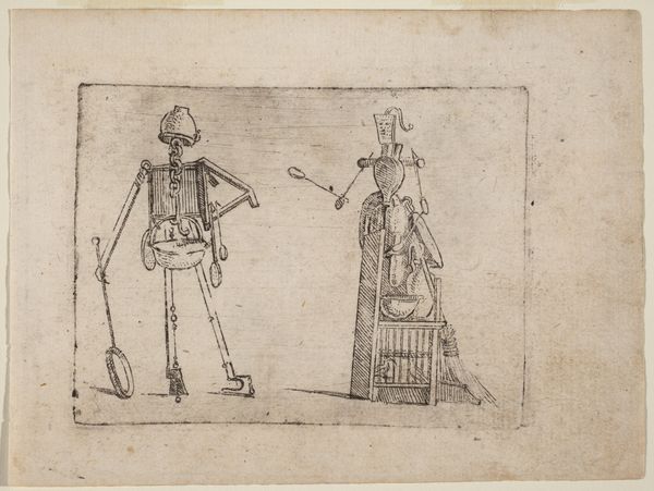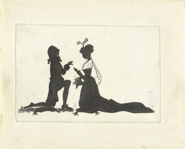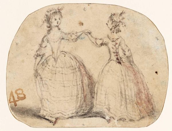 Editor: Here we have Susanna Duncombe's "A Lady and a Gentleman Dancing," held at the Tate. It’s quite small, and the figures are rendered with such quick, expressive lines. What does this image evoke for you? Curator: The sketch, with its seemingly effortless depiction of movement, speaks volumes about the social rituals of the time. How might this image have been perceived within the artistic circles and societal norms of 18th-century England? Editor: So, it's a reflection of societal norms? I hadn't considered that. Curator: Precisely. Dance was a carefully choreographed display of status and courtship, and Duncombe captures that performance. The very act of sketching such a scene—what does that say about her position and perspective? Editor: It makes me think about access and who got to participate in these rituals, both in life and in art. Curator: An excellent point. It is interesting to think about the role of women in the arts and the societal norms that affected their work. Editor: Yes, that changed how I view this piece. Thanks!
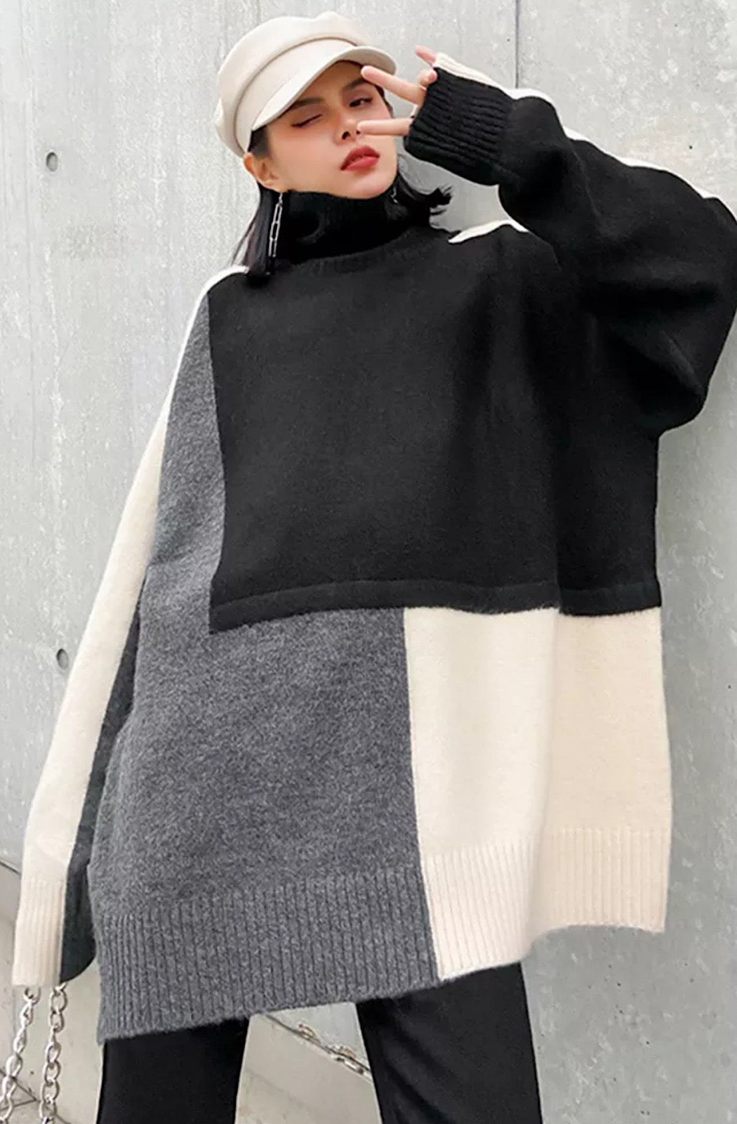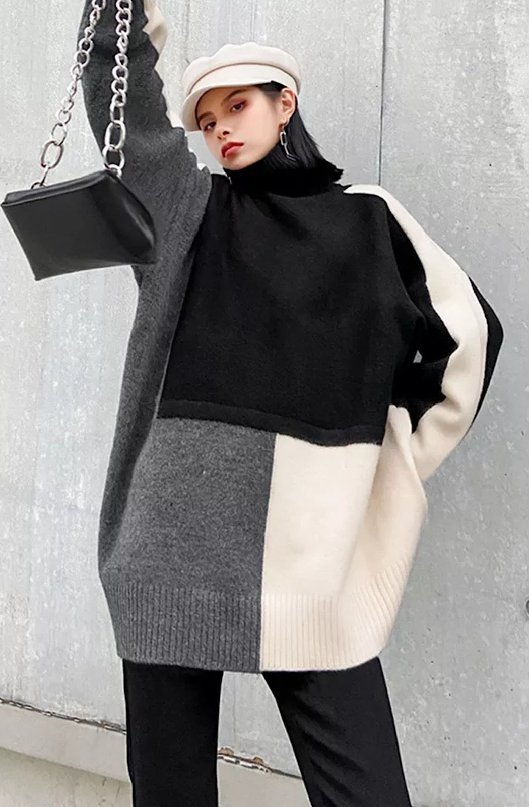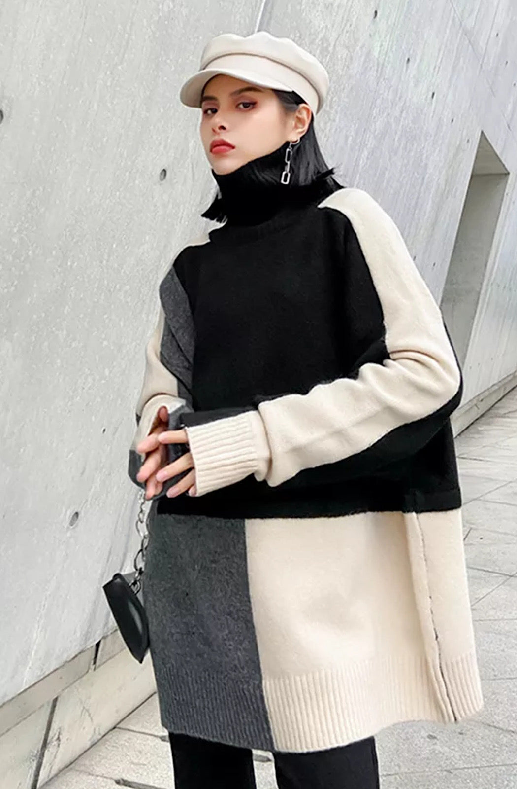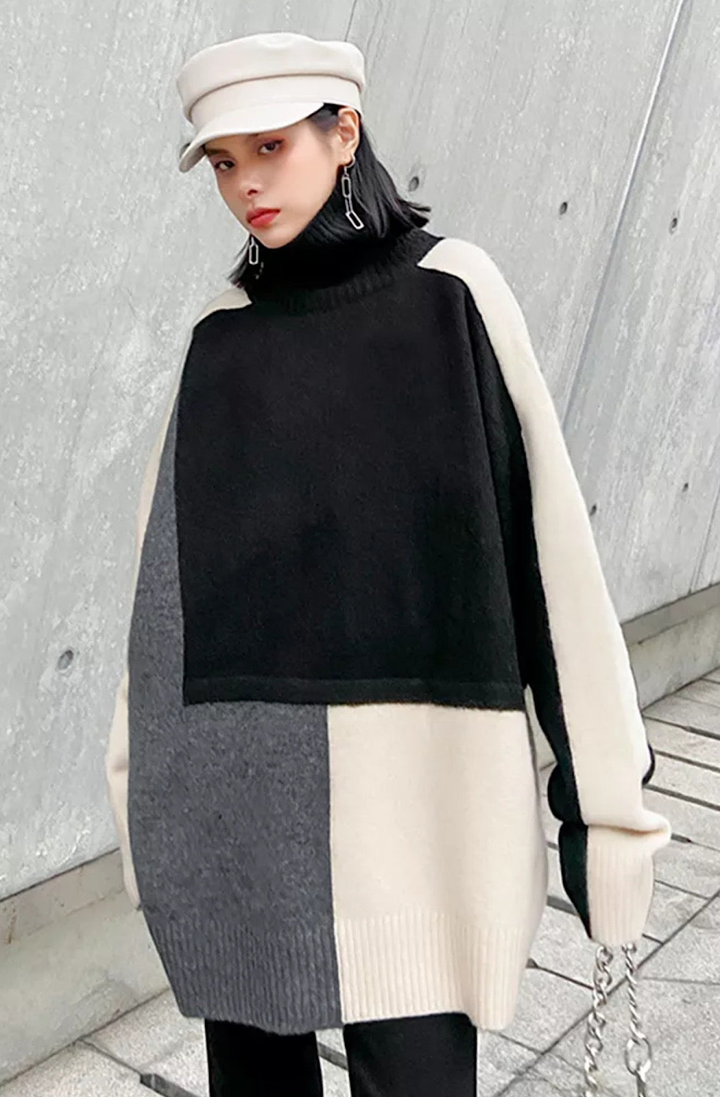 Block stitched High neck sweater
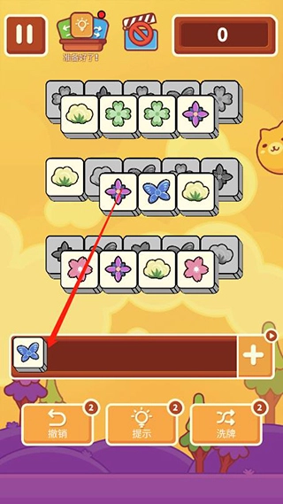 1、从上面选择方块,方块会进入下面的卡槽中;

* TASK BRIEF
The lines from the one containing "Block stitched High neck sweater" to the final line of the material, both ends included, should be retyped exactly and alone, with no pictures.

* THE COMPLETED TASK
 Block stitched High neck sweater
 1、从上面选择方块,方块会进入下面的卡槽中;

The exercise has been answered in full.